> _Dataset entries_:
***
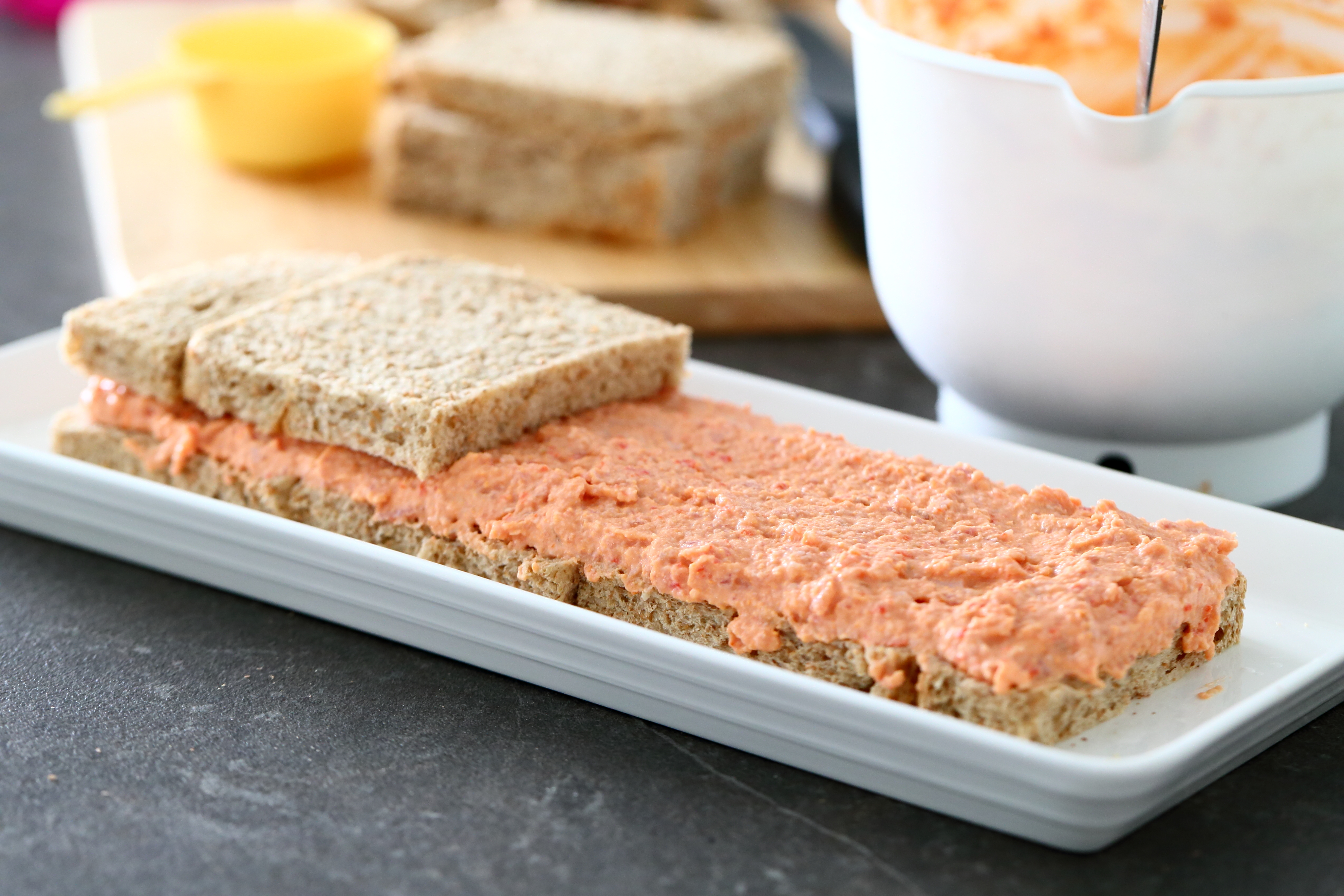 Tällaisia täytteitä tehdessä kannattaa täyte maistella aina omaan makuun sopivaksi. Tässä maistuu melko voimakkaasti meetvursti.. Ja myös se paprika, mikäli sen soseuttaa joukkoon.. Meetvurstin ja kinkun suhdetta voikin muutella oman maun mukaiseksi. Myös tuorejuustoilla saa erilaista makua täytteisiin, joten jos pidät enemmän esim. ruohosipulin makuisesta tuorejuustosta kuin paprika-chilin makuisesta, käytä sitä rohkeasti. Voit myös tehdä pari päivää ennen virallisen kakun tekemistä pienen testiannoksen täytettä ja maistella sen iltapalaksi leipien päällä. Näin pääset jyvälle sen makumaailmasta ja ehdit vielä muokkaamaan sitä.
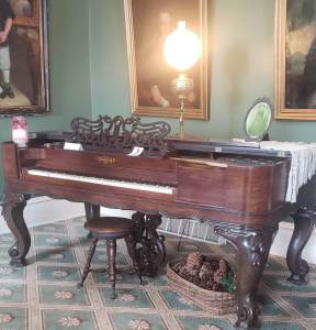 Several original pieces of furniture and art, including the family’s grand piano and a portrait of Abraham Lincoln, are in the house.
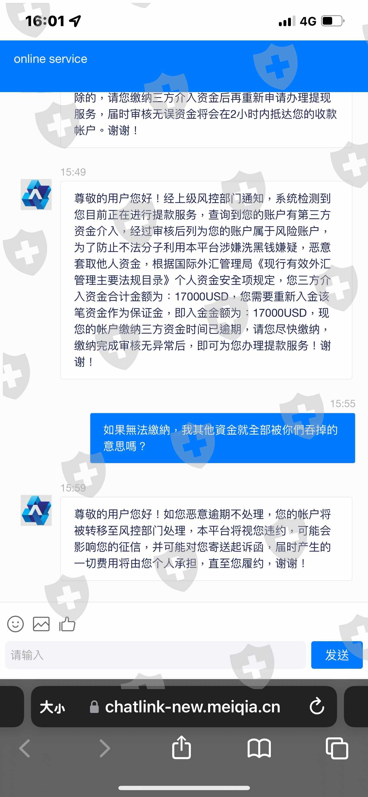 於是我參加了活動,中間也做了幾次有獲利的行情,最後活動期間還因為無法在時間内達成而申請延期,平台說需要繳10,000美金的保證金才能繼續完成活動,且這筆保證金不能算在入金的活動裡面,最後我差了7000美金,網友幫忙補上最後也達成活動。隔天回饋也入金了,中間還做了兩次行情的交易,沒想到後續就發生申請出金一直出現待審核,隔天中午直接出現審核末通過。詢問客服為何提領沒成功?說我的帳戶有第三方資金介入,屬於風險帳戶,有洗錢嫌疑,要我再補入17,000美元作為保證金後才能可以申請出金。
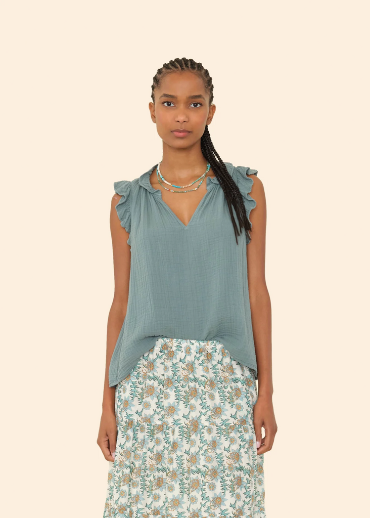 XirenaBex is made in a classic lightweight woven cotton poplin for a lived-in look and feel. This easy popover has a deep V-neck, ruffle detailing and shirring throughout.
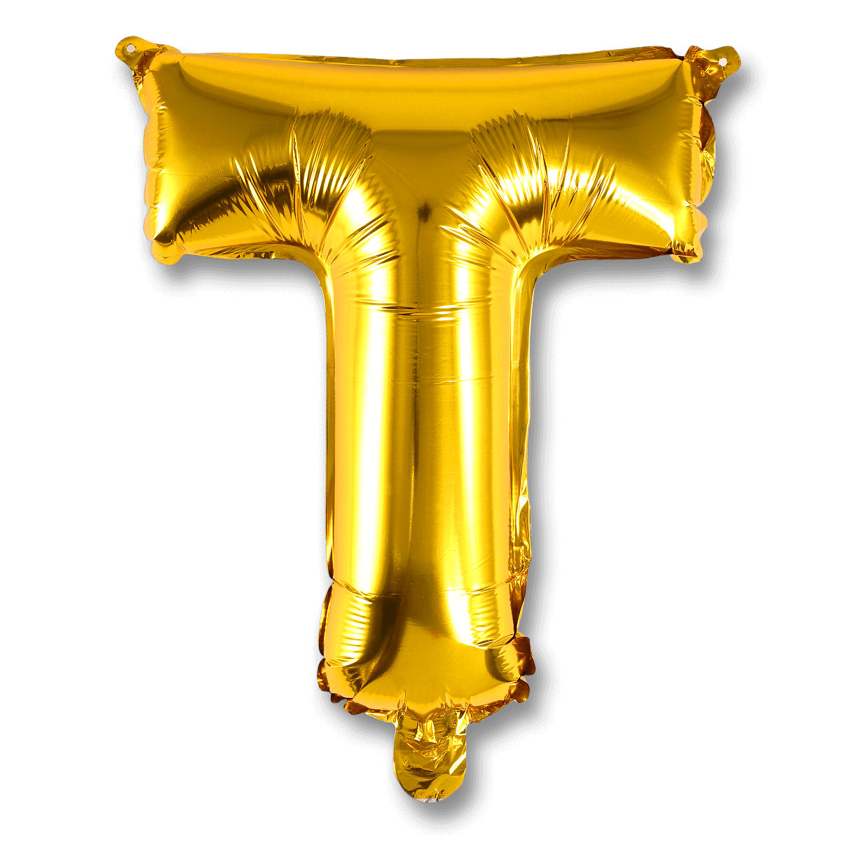 Bogstavet T - folieballon, der pustes op med det medfølgende rør. Vælg mellem sølv og guld. Bogstavet er 37 cm. højt, når det er pustet op. Ikke til helium.
***
Once the pictures are removed, return the entries exactly as they stand.

> _ANSWER_:
 Tällaisia täytteitä tehdessä kannattaa täyte maistella aina omaan makuun sopivaksi. Tässä maistuu melko voimakkaasti meetvursti.. Ja myös se paprika, mikäli sen soseuttaa joukkoon.. Meetvurstin ja kinkun suhdetta voikin muutella oman maun mukaiseksi. Myös tuorejuustoilla saa erilaista makua täytteisiin, joten jos pidät enemmän esim. ruohosipulin makuisesta tuorejuustosta kuin paprika-chilin makuisesta, käytä sitä rohkeasti. Voit myös tehdä pari päivää ennen virallisen kakun tekemistä pienen testiannoksen täytettä ja maistella sen iltapalaksi leipien päällä. Näin pääset jyvälle sen makumaailmasta ja ehdit vielä muokkaamaan sitä.
 Several original pieces of furniture and art, including the family’s grand piano and a portrait of Abraham Lincoln, are in the house.
 於是我參加了活動,中間也做了幾次有獲利的行情,最後活動期間還因為無法在時間内達成而申請延期,平台說需要繳10,000美金的保證金才能繼續完成活動,且這筆保證金不能算在入金的活動裡面,最後我差了7000美金,網友幫忙補上最後也達成活動。隔天回饋也入金了,中間還做了兩次行情的交易,沒想到後續就發生申請出金一直出現待審核,隔天中午直接出現審核末通過。詢問客服為何提領沒成功?說我的帳戶有第三方資金介入,屬於風險帳戶,有洗錢嫌疑,要我再補入17,000美元作為保證金後才能可以申請出金。
 XirenaBex is made in a classic lightweight woven cotton poplin for a lived-in look and feel. This easy popover has a deep V-neck, ruffle detailing and shirring throughout.
 Bogstavet T - folieballon, der pustes op med det medfølgende rør. Vælg mellem sølv og guld. Bogstavet er 37 cm. højt, når det er pustet op. Ikke til helium.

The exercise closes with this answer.